:: Exercise objective ::
Nothing but the lines from the one with "活动伊始,主持人通过一系列轻" down to the one with "国産ジーンズ発祥の地・岡山県" should be returned, exactly and with both ends included, from the material below.

:: Extracted material ::
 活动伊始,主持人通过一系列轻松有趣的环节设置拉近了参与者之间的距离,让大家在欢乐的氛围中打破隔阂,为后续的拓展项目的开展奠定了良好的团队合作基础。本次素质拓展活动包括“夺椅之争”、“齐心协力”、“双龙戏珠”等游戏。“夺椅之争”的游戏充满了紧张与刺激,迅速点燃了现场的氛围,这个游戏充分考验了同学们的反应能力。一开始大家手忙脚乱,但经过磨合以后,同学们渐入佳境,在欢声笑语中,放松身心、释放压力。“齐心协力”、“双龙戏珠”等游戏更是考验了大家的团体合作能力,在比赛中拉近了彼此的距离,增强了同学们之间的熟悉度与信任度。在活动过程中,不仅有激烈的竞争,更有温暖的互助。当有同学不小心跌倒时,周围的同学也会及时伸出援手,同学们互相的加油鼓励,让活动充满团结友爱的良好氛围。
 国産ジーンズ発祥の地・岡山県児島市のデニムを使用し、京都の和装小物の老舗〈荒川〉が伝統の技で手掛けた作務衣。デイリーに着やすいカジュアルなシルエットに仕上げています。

--

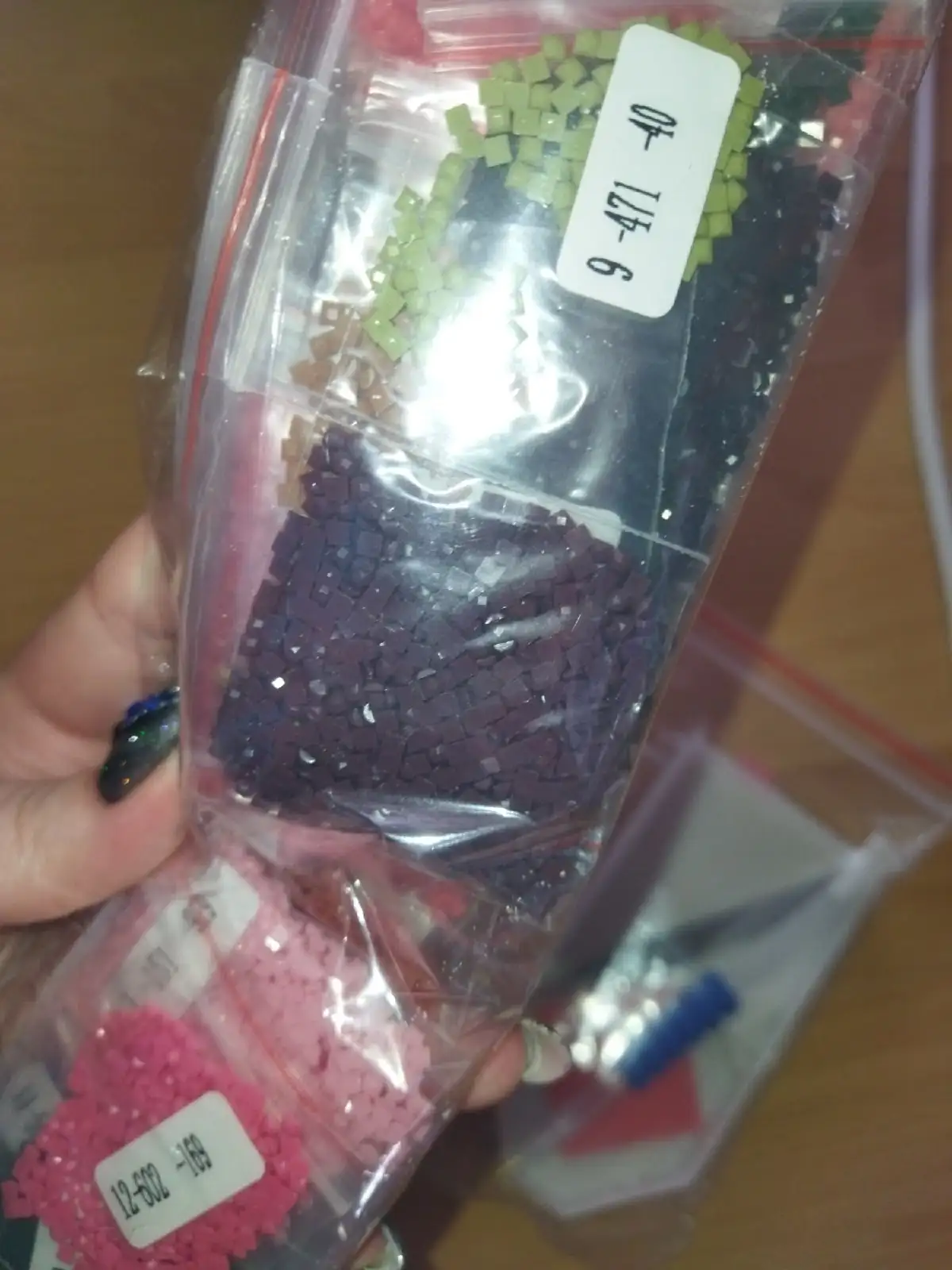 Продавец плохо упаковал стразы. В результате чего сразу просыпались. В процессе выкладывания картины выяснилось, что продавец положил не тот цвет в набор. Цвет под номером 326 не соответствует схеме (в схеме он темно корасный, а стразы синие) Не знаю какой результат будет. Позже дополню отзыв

* * *

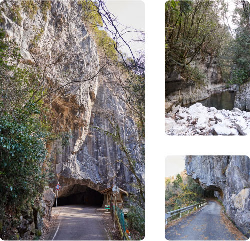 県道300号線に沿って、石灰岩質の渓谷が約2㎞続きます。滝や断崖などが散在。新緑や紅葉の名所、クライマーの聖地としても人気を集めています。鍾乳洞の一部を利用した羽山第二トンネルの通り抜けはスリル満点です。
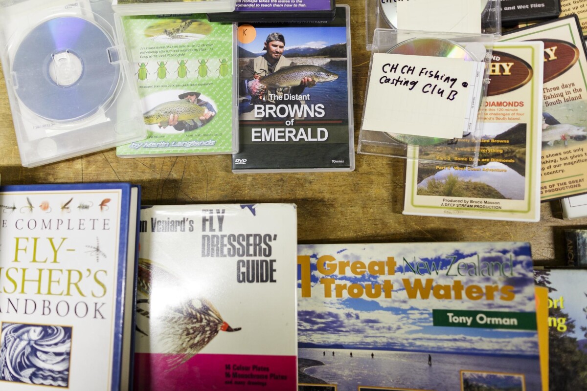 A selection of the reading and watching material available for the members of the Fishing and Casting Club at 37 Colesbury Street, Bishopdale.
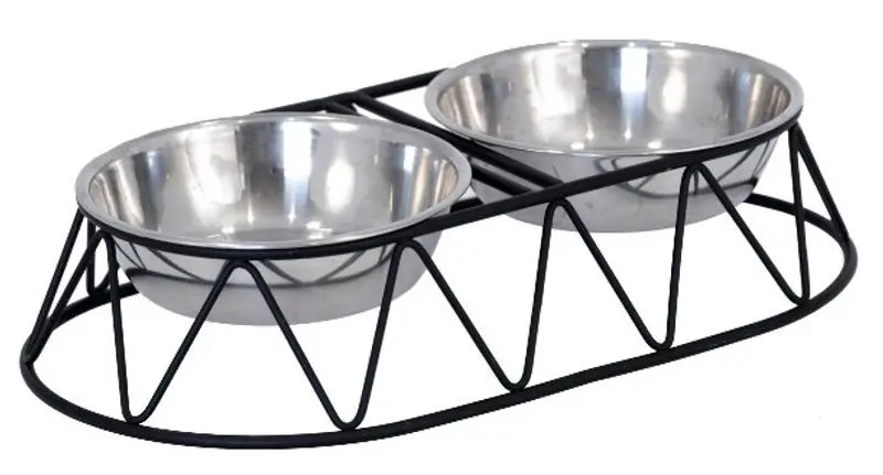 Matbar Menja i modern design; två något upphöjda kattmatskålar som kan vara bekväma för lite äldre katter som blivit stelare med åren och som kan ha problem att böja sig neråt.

:: Completed task ::
 活动伊始,主持人通过一系列轻松有趣的环节设置拉近了参与者之间的距离,让大家在欢乐的氛围中打破隔阂,为后续的拓展项目的开展奠定了良好的团队合作基础。本次素质拓展活动包括“夺椅之争”、“齐心协力”、“双龙戏珠”等游戏。“夺椅之争”的游戏充满了紧张与刺激,迅速点燃了现场的氛围,这个游戏充分考验了同学们的反应能力。一开始大家手忙脚乱,但经过磨合以后,同学们渐入佳境,在欢声笑语中,放松身心、释放压力。“齐心协力”、“双龙戏珠”等游戏更是考验了大家的团体合作能力,在比赛中拉近了彼此的距离,增强了同学们之间的熟悉度与信任度。在活动过程中,不仅有激烈的竞争,更有温暖的互助。当有同学不小心跌倒时,周围的同学也会及时伸出援手,同学们互相的加油鼓励,让活动充满团结友爱的良好氛围。
 国産ジーンズ発祥の地・岡山県児島市のデニムを使用し、京都の和装小物の老舗〈荒川〉が伝統の技で手掛けた作務衣。デイリーに着やすいカジュアルなシルエットに仕上げています。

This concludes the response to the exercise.